Set up a Splunk connector
Why does this connector look different from most others? This connector leverages the Baton connector for Splunk, an open-source connector developed by ConductorOne.
Are you a Splunk Cloud user? This page has instructions for integrating ConductorOne with Splunk Enterprise. If you want to integrate ConductorOne with your Splunk Cloud instance, follow the instructions in the Splunk connector’s README file.
Capabilities
Sync user identities from Splunk Enterprise to ConductorOne
Resources supported:
- Deployments
- Roles
- Capabilities
- Applications
Integrate your Splunk Enterprise connector
Before you begin:
Prepare a Splunk Enterprise image for the
baton-splunk
connector by following the Splunk Enterprise documentation to Deploy and run Splunk Enterprise inside a Docker container. Note that the Splunk Docker image only supports x86_64 CPU architecture.Make sure that token authentication is enabled for your Splunk Enterprise instance.
Step 1: Generate an API token
Splunk Enterprise authentication tokens inherit the same permission set as the user associated with the token. Make sure that the user associated with the token you create has permission to read all users, roles, deployments, capabilities, and applications for your instance.
If you want to create tokens for yourself, your account must have a role that has the edit_tokens_own
capability. If you want to create tokens for another user on the instance (such as a service account), your account must have a role that has the edit_tokens_all
capability.
Sign into Splunk Enterprise.
Click Settings and select Tokens from the menu.
If necessary, click Enable Token Authentication.
On the Tokens page, click New Token.
Fill out the form and click Create.
The token is generated. Carefully copy and save the token value. We’ll use it in Step 2.
Step 2: Install baton-splunk
Run the Docker command shown below to install
baton-splunk
, substituting in the required credentials (see thebaton-splunk
repo’s README for details).SPLUNK_ADMIN_PASSWORD=admin_pass BATON_TOKEN=token BATON_UNSAFE=true docker-compose up
The instance comes with TLS disabled by default. To bypass validation of TLS certificates, set
BATON_UNSAFE
environment variable totrue
or use the--unsafe
flag.To gain more verbose output, set the
BATON_VERBOSE
environment variable totrue
or use the--verbose
flag. This mode lists Application and Capability entitlements and grants.
Step 3: Set up the Splunk connector in ConductorOne
This step requires the Connector Administrator or Super Administrator role in ConductorOne.
In ConductorOne, click Connectors > Add connector.
Search for Baton and click Add.
Choose whether to add the Splunk connector to an existing application in ConductorOne (and select the app of your choice) or to create a new Baton application.
Once the connection is established between Splunk Enterprise and ConductorOne, the new application’s name will automatically change from Baton to Splunk.
Set the owner for this connector. You can manage the connector yourself, or choose someone else from the list of ConductorOne users. Setting multiple owners is allowed.
Click Next.
If you selected someone else as the connector owner, that person will be notified to take over this process from this point.
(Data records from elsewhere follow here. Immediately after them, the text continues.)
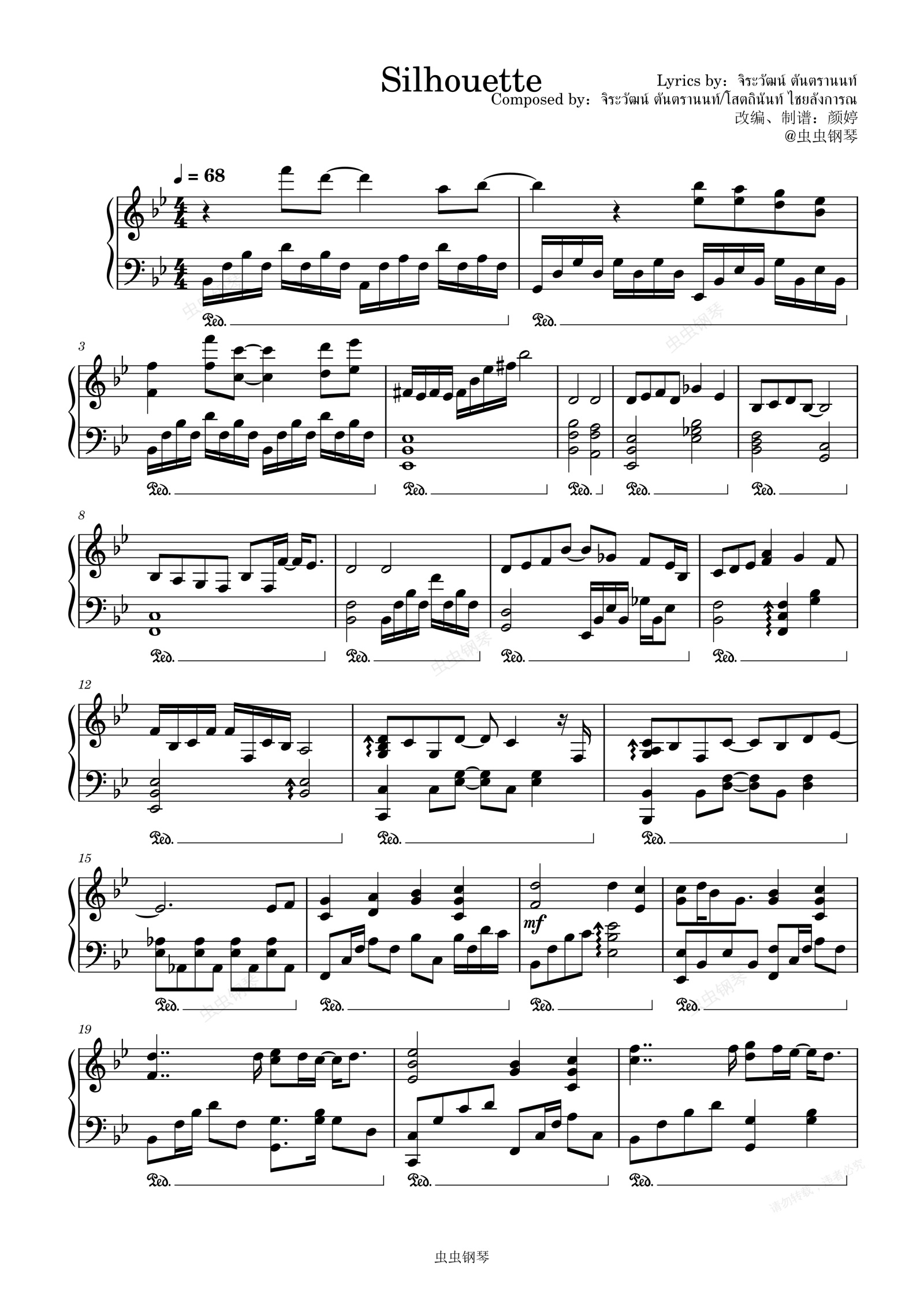 钢琴谱:泰版流星花园《แสงที่ปลายฟ้า (Silhouette) 》 —วิน เมธวิน
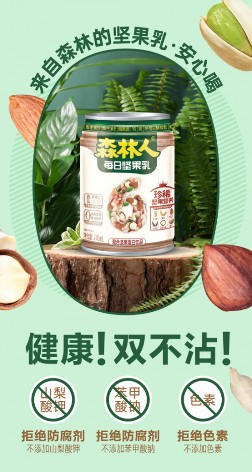 主打“珍稀坚果,珍稀营养”的森林人每日坚果乳,将这六种珍稀坚果的科学配比,让消费者在享受美味的同时,也能摄入丰富的营养。
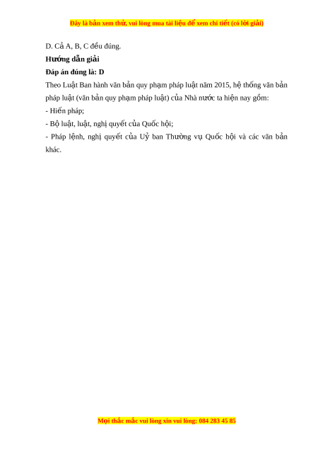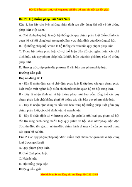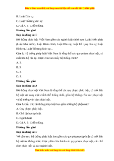 Đây là bản xem th , vu ử i lòng mua tài li u ệ đ xe ể m chi ti t ế (có l i ờ gi i ả ) B. Lu t ậ Dân s . ự C. Lu t ậ Tố t ng dân s ụ . ự D. Cả A, B, C đ u đúng. ề Hư ng ớ d n gi ẫ i ả Đáp án đúng là: D Hệ thống pháp lu t ậ Vi t ệ Nam g m ồ các ngành lu t ậ chính sau: Lu t ậ Hi n ế pháp (Lu t ậ Nhà nư c) ớ , Lu t ậ Hành chính, Lu t ậ Dân s , ự Lu t ậ Tố t ng ụ dân s , ự Lu t ậ Hình s , L ự u t ậ Tố t ng hì ụ nh s ,... ự
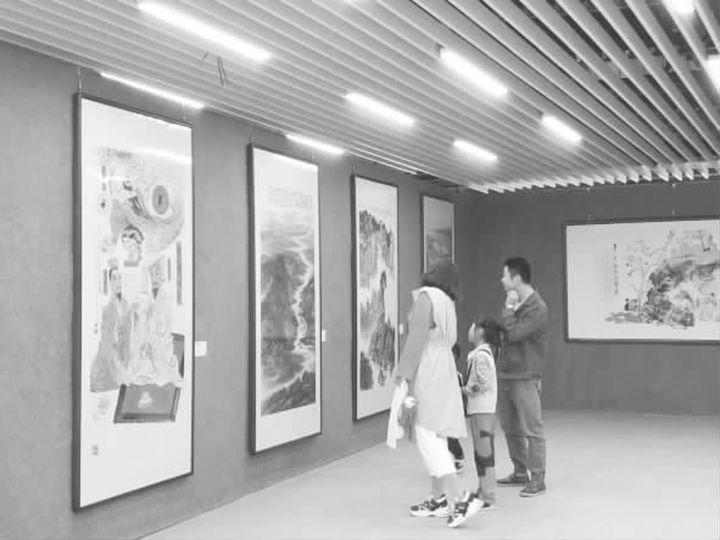 而在不遠處,一觀眾在欣賞完畫作后有感而發,在留言本上揮毫潑墨“大美臨汾”。這名觀眾名叫潘國梁,現為臨汾市眉戶團團長,國家一級演員。“品味每幅作品,都很有特色。通過國畫這一獨具魅力的藝術表現形式,充分展示了臨汾絢麗多彩的自然景觀、厚重悠久的歷史文化、文明開放的城市形象和日新月異的時代風貌。”潘國梁說,“生活在這么美麗的城市,人民的幸福指數特別高。”
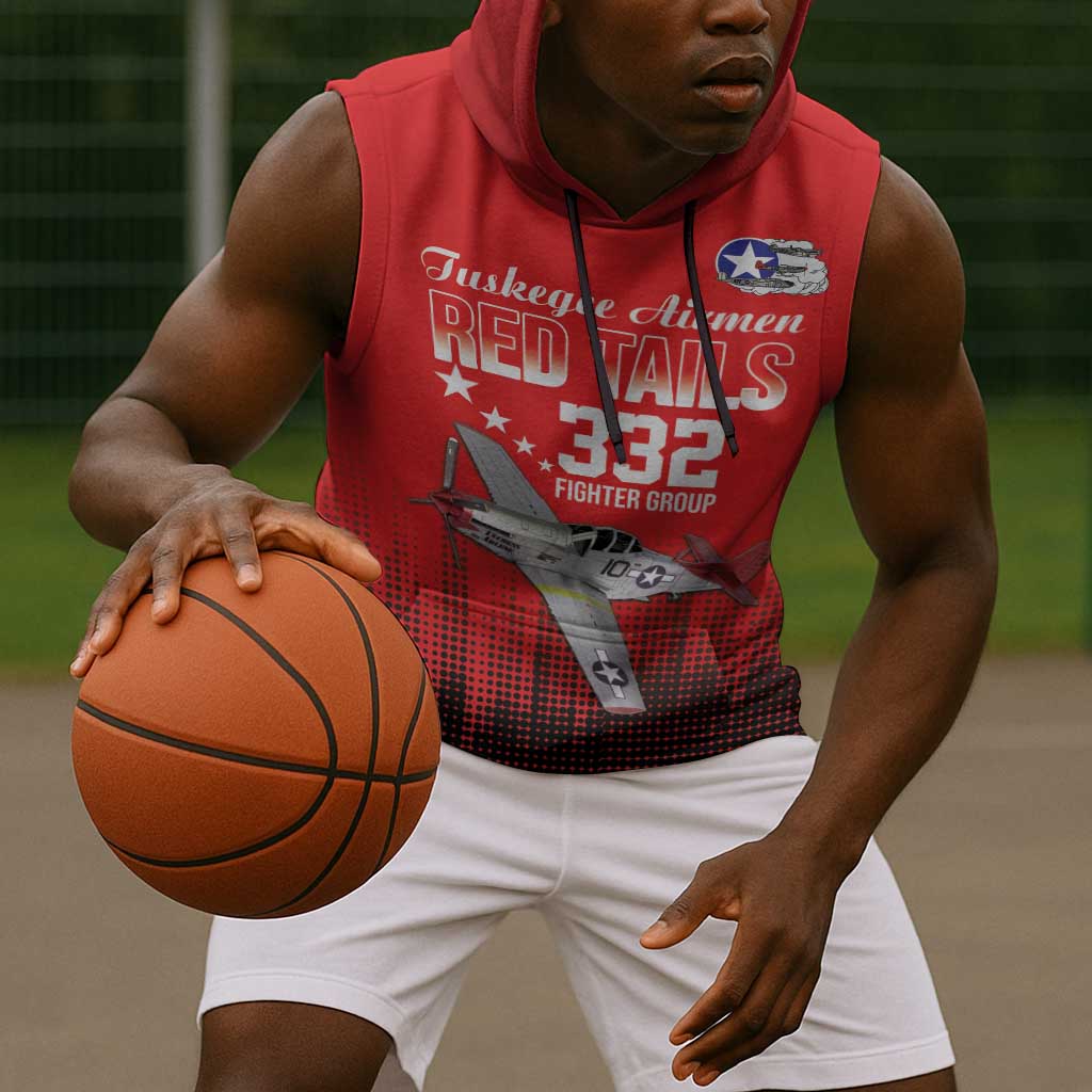 Tuskegee Red Tails Airmen WWII Tribute Sleeveless Hoodie 332nd Fighter Group - Red
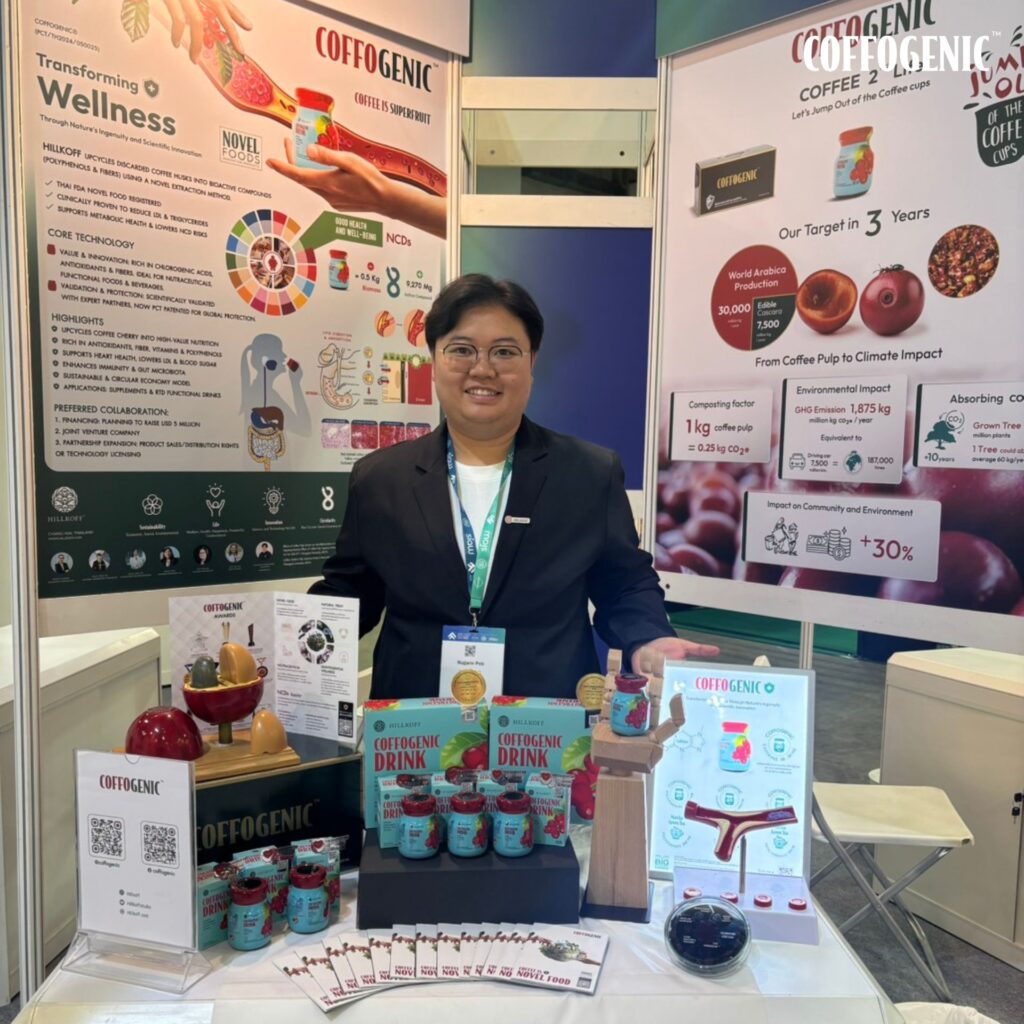 ในโอกาสนี้ Hillkoff ได้นำเสนอผลิตภัณฑ์ “Coffogenic” เครื่องดื่มเพื่อสุขภาพที่พัฒนาจาก เนื้อผลกาแฟ (Coffee Cherry Extraction) ซึ่งผ่านกระบวนการวิจัยและพัฒนาต่อเนื่องยาวนานกว่า 10 ปี โดยความร่วมมือกับคณะแพทยศาสตร์ และสถาบันวิจัยชั้นนำของประเทศไทย เพื่อศึกษาคุณสมบัติของสารออกฤทธิ์ทางชีวภาพ (Bioactive Compounds) ที่อยู่ในเนื้อผลกาแฟ และศักยภาพในการนำมาต่อยอดสู่ผลิตภัณฑ์เครื่องดื่มที่ส่งเสริมการดูแลสุขภาพอย่างรอบด้าน 💚🌍
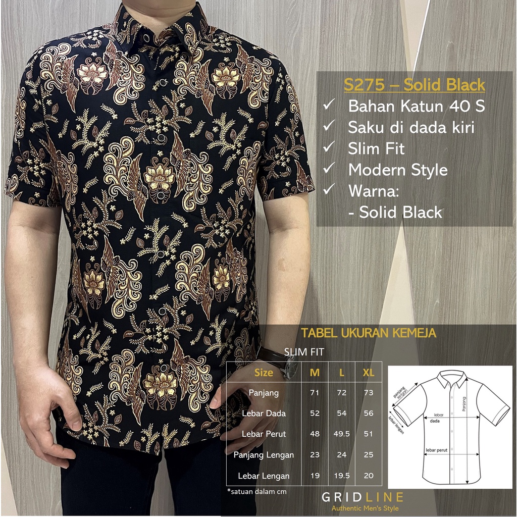 Detail [GRIDLINE - S275 Solid Black] Kemeja Batik Pria Katun Lengan Pendek Slimfit Keren Modern Elegant
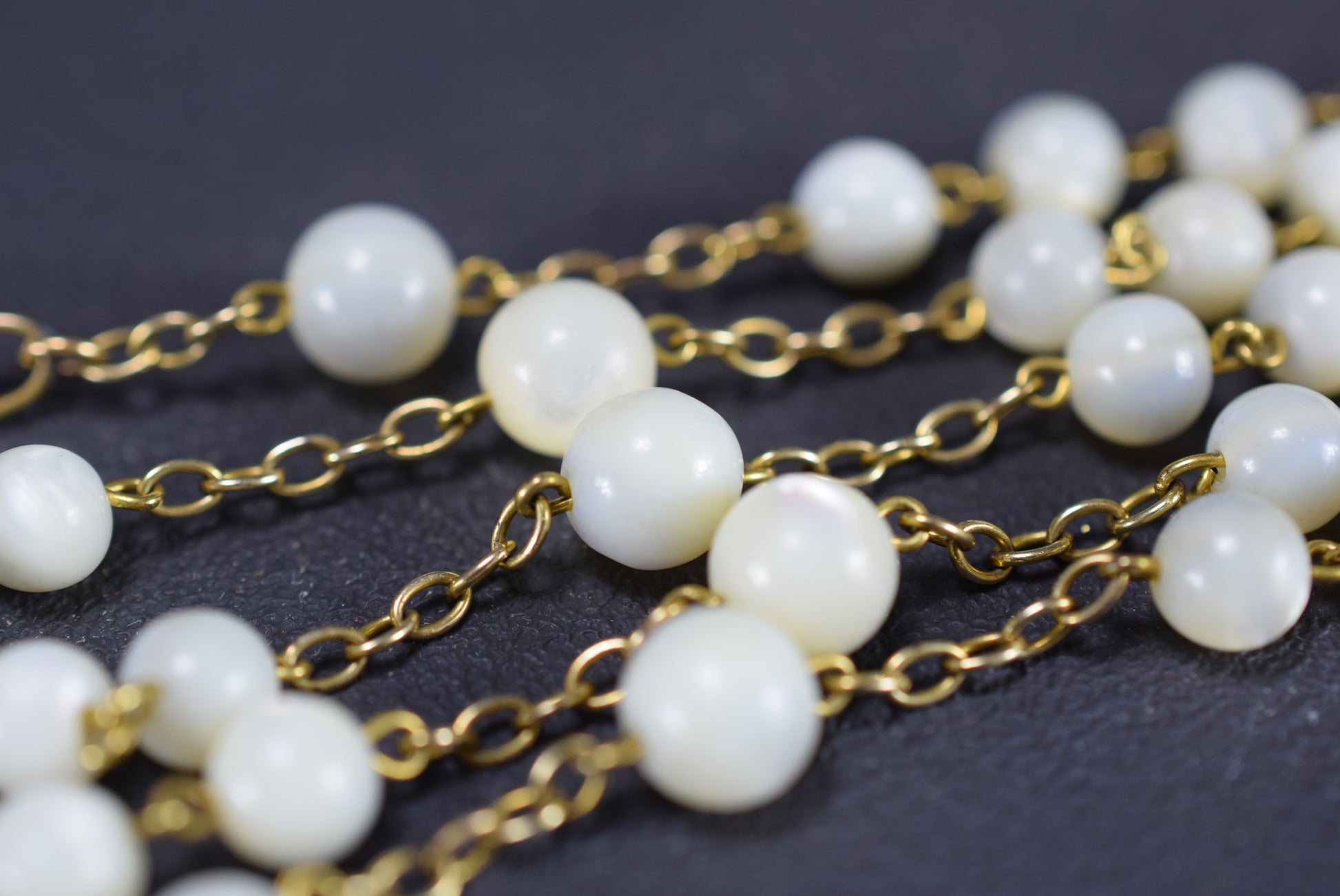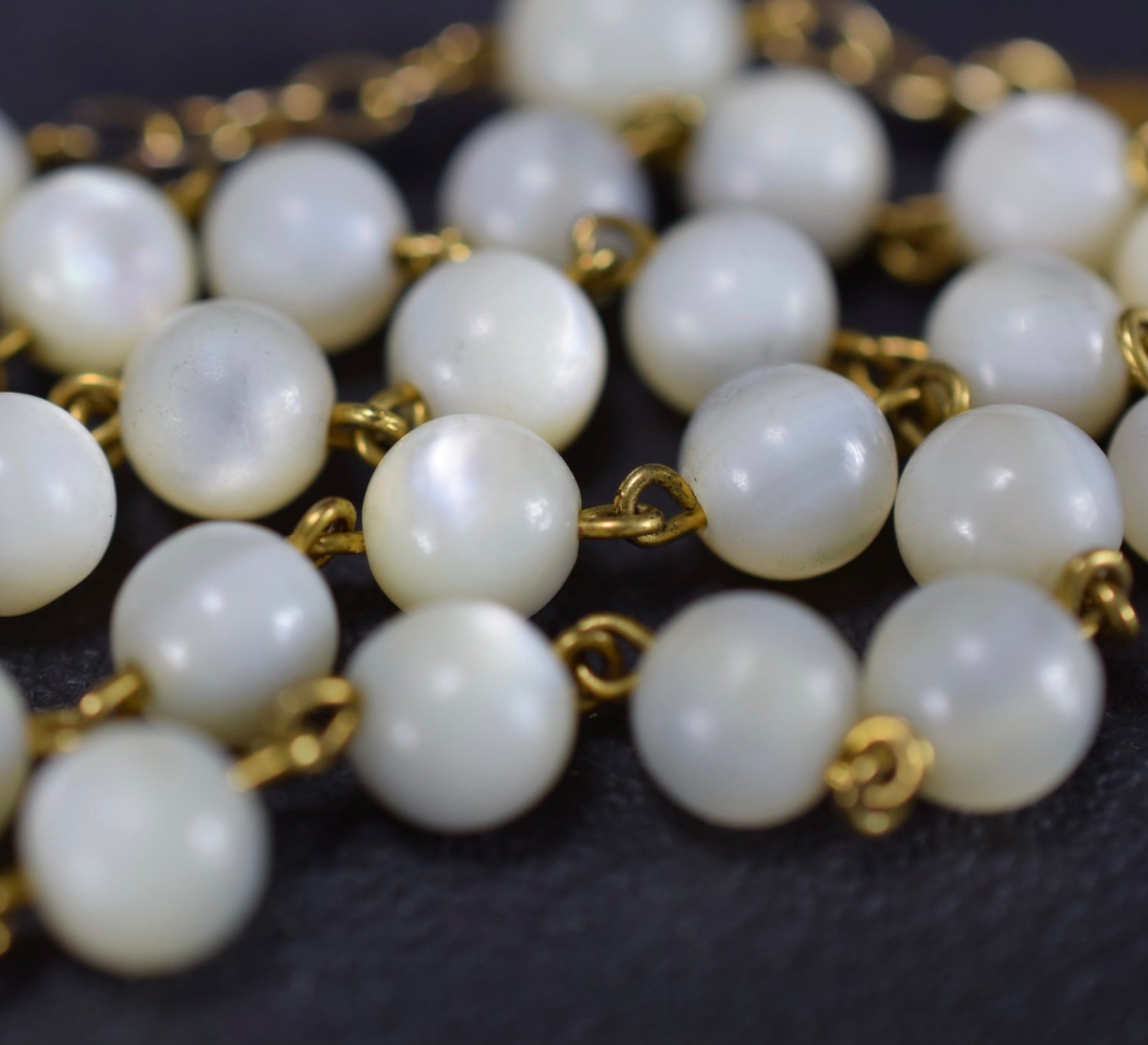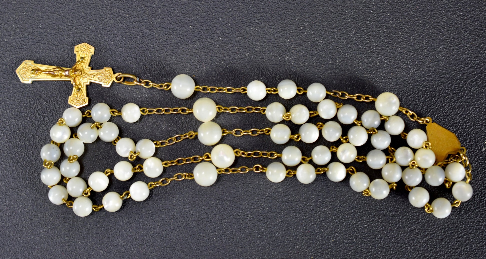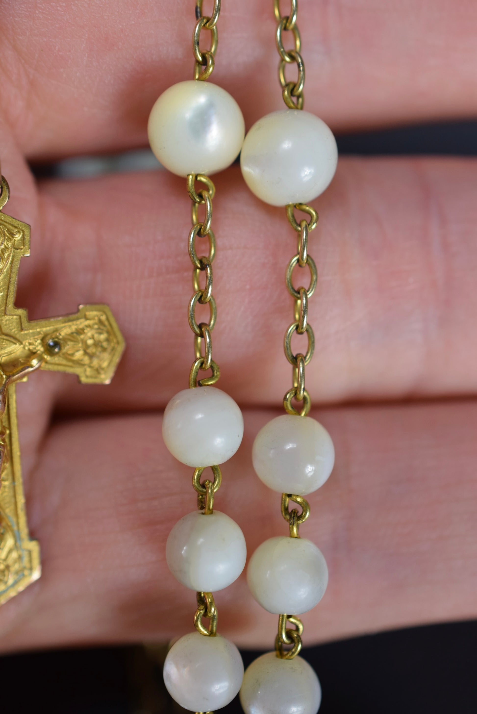 A fabulous and authentic French rosary from the 1940's. It is made of 59 mother of pearl beads and gold plated metal. The cross and the connector are finely crafted and marked France.

Find the Settings area of the page and click Edit.
Click Rotate to generate a new set of credentials. Carefully copy the Client ID and Secret. You’ll use them in Step 4.
Step 4: Add credentials to your Splunk connector
On the server where your the Splunk is running, pass in the Client ID and Secret generated in Step 3 by running
--client-id <CLIENT ID> --client-secret <SECRET>
.Run
baton-splunk --help
to see the list of flags to be used when passing your credentials to the connector.The connector syncs current data, uploads it to ConductorOne, and prints a
Task complete!
message when finished.Check that the connector data uploaded correctly. In ConductorOne, click Applications. On the Managed apps tab, locate and click the name of the application you added the Splunk connector to. Splunk data should be found on the Groups, Roles, Resources, and Accounts tabs, as appropriate.
Now that baton-splunk
is installed and the connector is set up, Baton runs as a service in your environment. The service maintains contact with ConductorOne, syncs and uploads data at regular intervals, and passes that data to the ConductorOne UI, where you and your colleagues can use it to run access reviews and facilitate access requests for the application.